College of Agriculture & Natural Resources
AGNR Research

Introducing New AGNR Faculty - Part 3

Dr. Cassandra Swett, assistant professor, Department of Plant Science & Landscape Architecture
Photo Credit: 
Edwin Remsberg

The College of Agricultural and Natural Resources welcomed a number of new faculty members prior to the start of the 2014 fall semester. Each Friday we're introducing a few of these newcomers and providing some details about their work and/or research interests.

This week, we meet an assistant professor in the Department of Animal & Avian Sciences and two assistant professors from the Department of Plant Science & Landscape Architecture. Welcome to Dr. Rachel Dennis, Dr. Cassandra Swett and Dr. Kate Tully!

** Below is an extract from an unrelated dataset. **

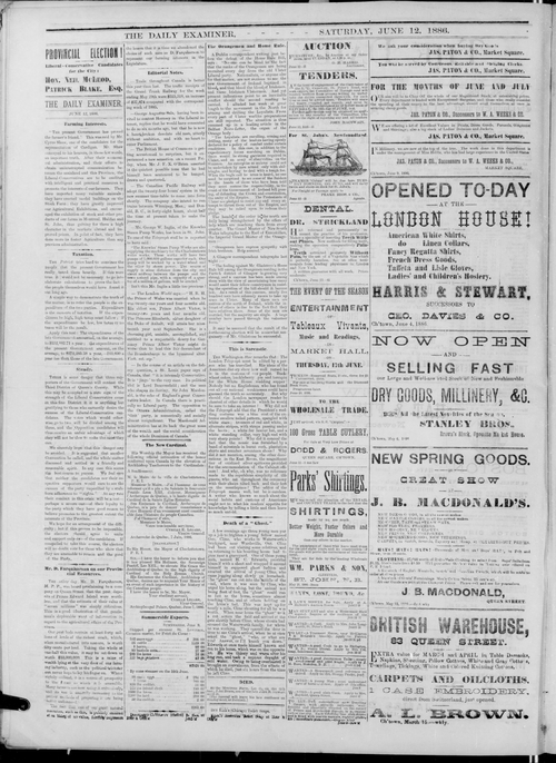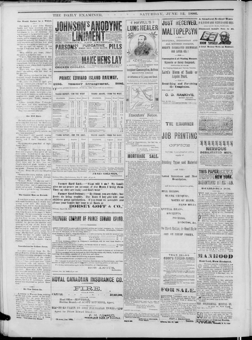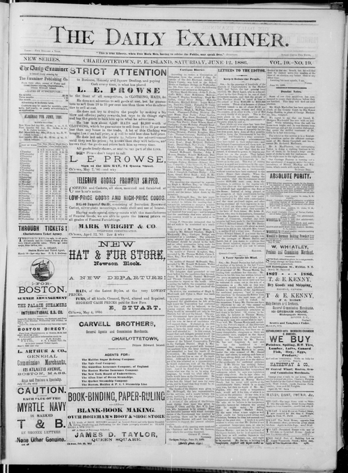 Title Examiner -- 1886-06-12 Date Issued 1886-06-12 Language English Type Text Genre Issue Rights Digitized with permission. For educational, research and study purposes. Member of Examiner Digitization Agency West Canadian Digital Imaging Inc. Issue 19 Volume 19

Dr. Rachel Dennis: Assistant Professor, Department of Animal & Avian Sciences

Joining the faculty in the Department of Animal & Avian Sciences at the University of Maryland felt like coming home in more ways than one for Rachel Dennis. A native of Virginia, Dennis received her master’s degree from the ANSC Department at UMD in 2004 and has fond memories of visiting her grandparents who raised broiler chickens on Maryland’s Eastern Shore. Now, as an assistant professor for ANSC, Dennis will be conducting research addressing issues of poultry production and well-being. Her research also focuses on behavioral neurophysiology and understanding the mechanisms of neural plasticity and the impacts on behavior. Prior to coming to Maryland, Dennis worked with the USDA Livestock Behavior Research Unit in West Lafayette, Indiana. Just last month, she successfully climbed Mount Kilimanjaro with her dog and training partner, Parker.

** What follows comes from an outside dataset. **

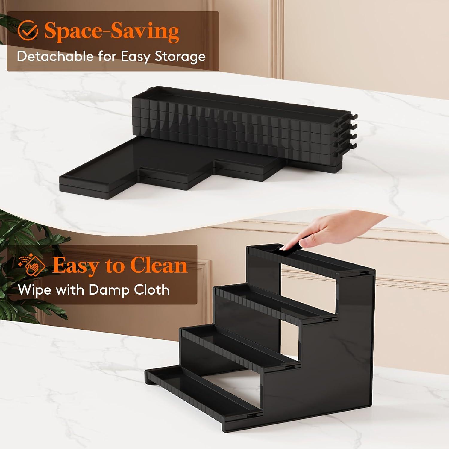 Lifewit 4 Tier Clear Display Riser Stand with Decorative Secure Fences, Tool-free Assembly, Plastic 12 Inch Perfume Organizer, Display for Figures, Cupcake, Dessert, 1-pack(Black)

Dr. Cassandra Swett: Assistant Professor, Department of Plant Science & Landscape Architecture

Strawberries, raspberries, blueberries and grapes are the sweet subjects of Cassandra Swett’s research and Extension programs. A plant pathologist, Swett focuses on fruit crop diseases and combining ecological questions with management concerns to explore sustainable control methods for diseases in the Mid-Atlantic. She holds a bachelor’s degree in plant science from the University of California at Santa Cruz, a master’s degree in tropical plant pathology from the University of Hawaii at Manoa, and a doctorate in plant pathology from the University of California at Davis. Since accepting her position as an assistant professor in the Department of Plant Science & Landscape Architecture, Swett has been busy characterizing fungal fruit rot complexes in wine grapes and interactions with insect pests, developing methods to enhance soil health to suppress strawberry fruit rot pathogens, and examining the use of microsensor-based water management to reduce root infections of nursery stock.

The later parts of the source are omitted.